§ **EXERCISE OBJECTIVE**: Going line by line through the records below, write out everything starting with the line containing "再看张柏芝的第二套造型,同样" and going on through the line containing "Taking cues from", exactly and inclusively. Pictures do not go in.

§ **MATERIAL FOR THIS EXERCISE**:
· · · ·

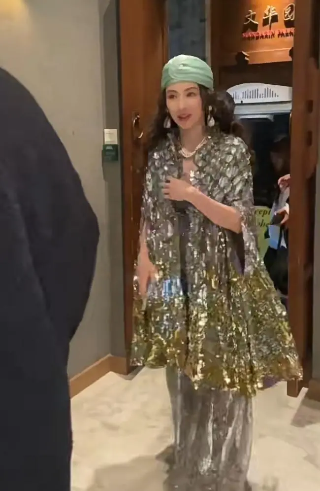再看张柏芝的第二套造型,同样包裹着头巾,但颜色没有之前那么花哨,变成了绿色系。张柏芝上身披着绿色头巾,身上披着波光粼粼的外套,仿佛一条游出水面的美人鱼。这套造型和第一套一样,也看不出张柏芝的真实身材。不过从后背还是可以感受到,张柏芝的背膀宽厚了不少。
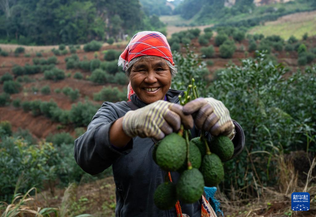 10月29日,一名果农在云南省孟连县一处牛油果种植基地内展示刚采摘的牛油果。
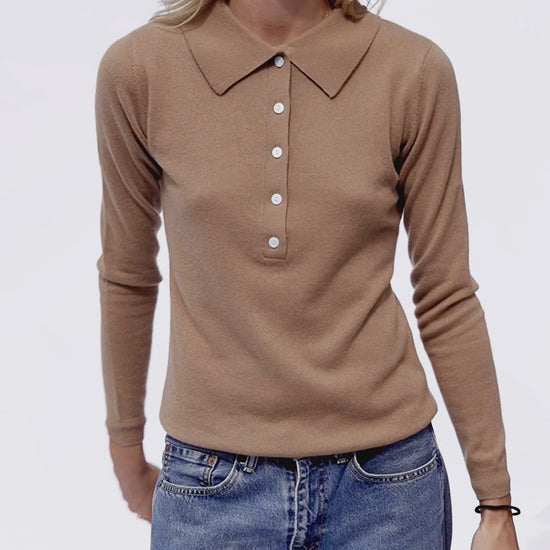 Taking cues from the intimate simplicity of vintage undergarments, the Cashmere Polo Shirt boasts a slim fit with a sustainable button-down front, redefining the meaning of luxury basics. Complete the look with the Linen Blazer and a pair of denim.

· · · ·

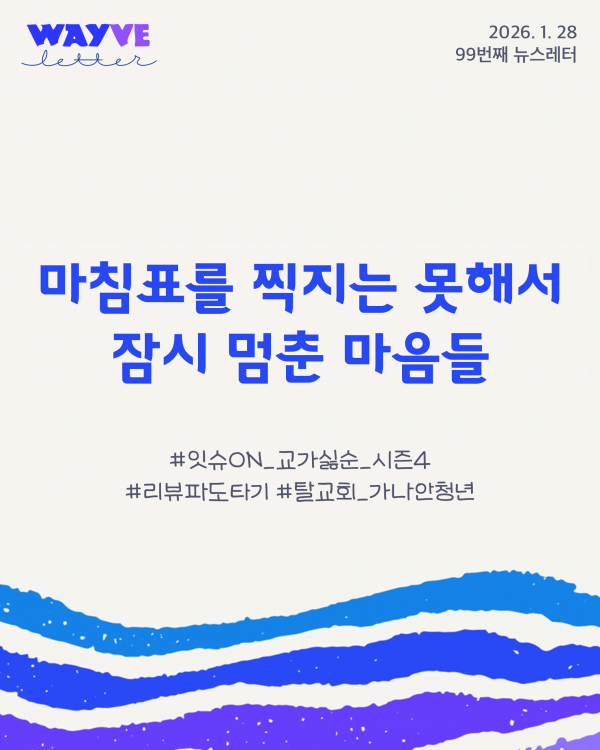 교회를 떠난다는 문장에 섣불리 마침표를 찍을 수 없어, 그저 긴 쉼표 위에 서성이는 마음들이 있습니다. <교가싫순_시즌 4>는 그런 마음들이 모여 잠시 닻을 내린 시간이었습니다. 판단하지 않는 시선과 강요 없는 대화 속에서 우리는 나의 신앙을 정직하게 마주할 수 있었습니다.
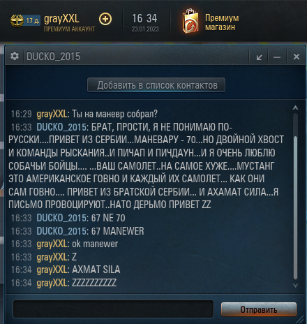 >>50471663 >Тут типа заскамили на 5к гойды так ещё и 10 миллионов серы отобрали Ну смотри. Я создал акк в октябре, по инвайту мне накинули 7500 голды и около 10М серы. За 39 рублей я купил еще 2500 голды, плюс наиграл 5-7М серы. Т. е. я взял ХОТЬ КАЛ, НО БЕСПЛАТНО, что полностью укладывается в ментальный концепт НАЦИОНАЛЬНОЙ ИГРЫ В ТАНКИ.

· · · ·

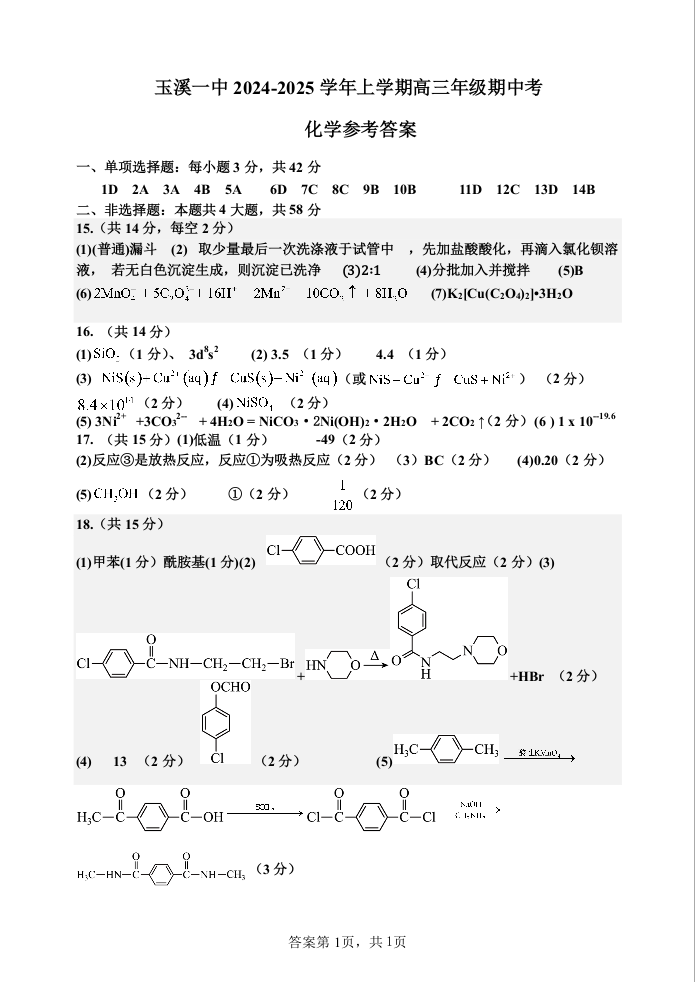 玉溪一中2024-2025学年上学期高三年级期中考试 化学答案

· · · ·

§ **SOLUTION TO THIS PROBLEM**:
再看张柏芝的第二套造型,同样包裹着头巾,但颜色没有之前那么花哨,变成了绿色系。张柏芝上身披着绿色头巾,身上披着波光粼粼的外套,仿佛一条游出水面的美人鱼。这套造型和第一套一样,也看不出张柏芝的真实身材。不过从后背还是可以感受到,张柏芝的背膀宽厚了不少。
 10月29日,一名果农在云南省孟连县一处牛油果种植基地内展示刚采摘的牛油果。
 Taking cues from the intimate simplicity of vintage undergarments, the Cashmere Polo Shirt boasts a slim fit with a sustainable button-down front, redefining the meaning of luxury basics. Complete the look with the Linen Blazer and a pair of denim.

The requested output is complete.